No. 4 Clemson (8-0) at Notre Dame (5-3), 7:30 p.m., NBC: It hasn’t often been pretty, but Clemson has avoided slipping up. The Tigers would make the CFP with an undefeated record and ACC title. They’re through the tougher portion of the schedule, so they’re on track. Much to the chagrin of coach Dabo Swinney, the quarterback situation remains a conversation. D.J. Uiagalelei is perplexing, and top recruit Cade Klubnik has impressed in limited time.
Texas Tech (4-4) at No. 7 TCU (8-0), noon, Fox: Can TCU keep it going? The Horned Frogs have forced their way into the mix, and the Big 12 has a legitimate contender. The conference won’t get the benefit of the doubt, though, so TCU can’t afford even one mishap (Alabama is ranked ahead of TCU in the CFP despite having a loss). TCU tries to stay unbeaten against a Texas Tech team that’s winless on the road (0-3).
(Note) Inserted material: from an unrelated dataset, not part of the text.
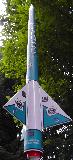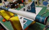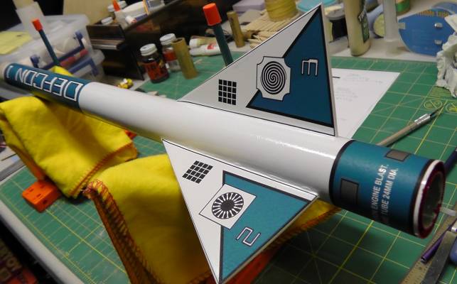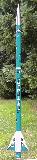 This tall kit is originally supplied with a single long body tube. Since it was damaged in shipping, I cut out the crushed section and spliced together two smaller tubes by making a long, 10" payload section out of the upper third. These tubes had to be sized exactly as the original, because the supplied full-body wrap decals needed to be used. This kit came with a lot of high quality parts, including a foil-lined motor tube, a parachute swivel, cloth-covered shock cord, matching aqua-colored heavy plastic parachute and of course all those decals. It takes 24mm D and E engines. I added an ejection baffle to this rocket.
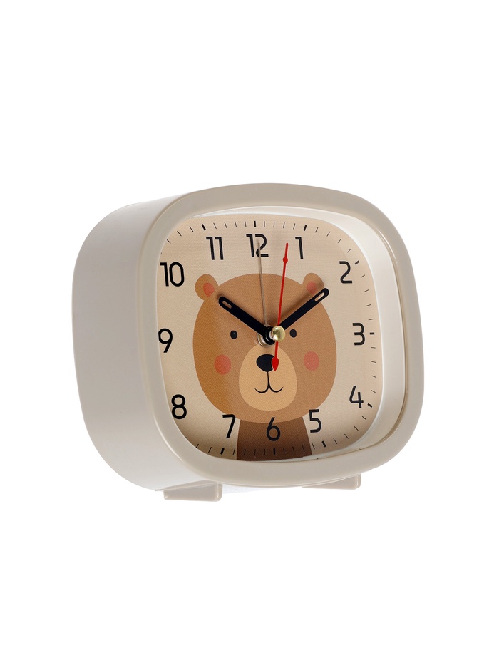 Бежевый будильник с плавным ходом стрелок — это уютный элемент декора, который добавит тепла и гармонии в вашу спальню или детскую. Прямоугольный корпус размером 12.5×10.5 см в нежном бежевом тоне создаёт ощущение спокойствия и комфорта, идеально вписываясь в интерьеры с натуральными оттенками. Кварцевый механизм обеспечивает высокую точность, а плавное движение стрелок минимизирует шум, способствуя мягкому и приятному пробуждению. Бежевый циферблат с изображением милого медвежонка привносит нотку нежности и детской радости, превращая будильник в источник позитивных эмоций.

No. 8 Oregon (7-1) at Colorado (1-7), 3:30 p.m., ESPN: It sounds crazy that Oregon is in the race after its 46-point loss to Georgia, but the Ducks have been perfect since. Quarterback Bo Nix looks like a new player. If the Ducks finish with one defeat, it’ll be interesting to see how the committee views their opening loss to Georgia at Mercedes-Benz Stadium.
“The Georgia loss becomes a great loss if, say, Georgia beats Tennessee and wins the East and beats the West winner,” Stokan said. “Now, if Georgia’s (ranked) 1 or 2 or 3 (in the final ranking), and Oregon’s only loss was to them, and they’re a Pac-12 champ, they’d get in the playoff, potentially. That’s how wide open it is right now.”
California (3-5) at No. 9 USC (7-1), 10:30 p.m., ESPN: The Trojans suffered a one-point loss to Utah in what’s been an otherwise successful first season under Lincoln Riley. USC faces No. 12 UCLA (7-1) in two weeks.
On the Pac-12:
This season is a revival for college football on the West Coast. No, none of these teams probably come close to the CFP bluebloods, but the Pac-12 boasts depth it hasn’t had in recent years. Oregon, USC, UCLA and Oregon State (No. 23) were in the CFP’s first Top 25. A year ago, Oregon (No. 4) was the conference’s lone representative.
“That only makes college football stronger,” Stokan said.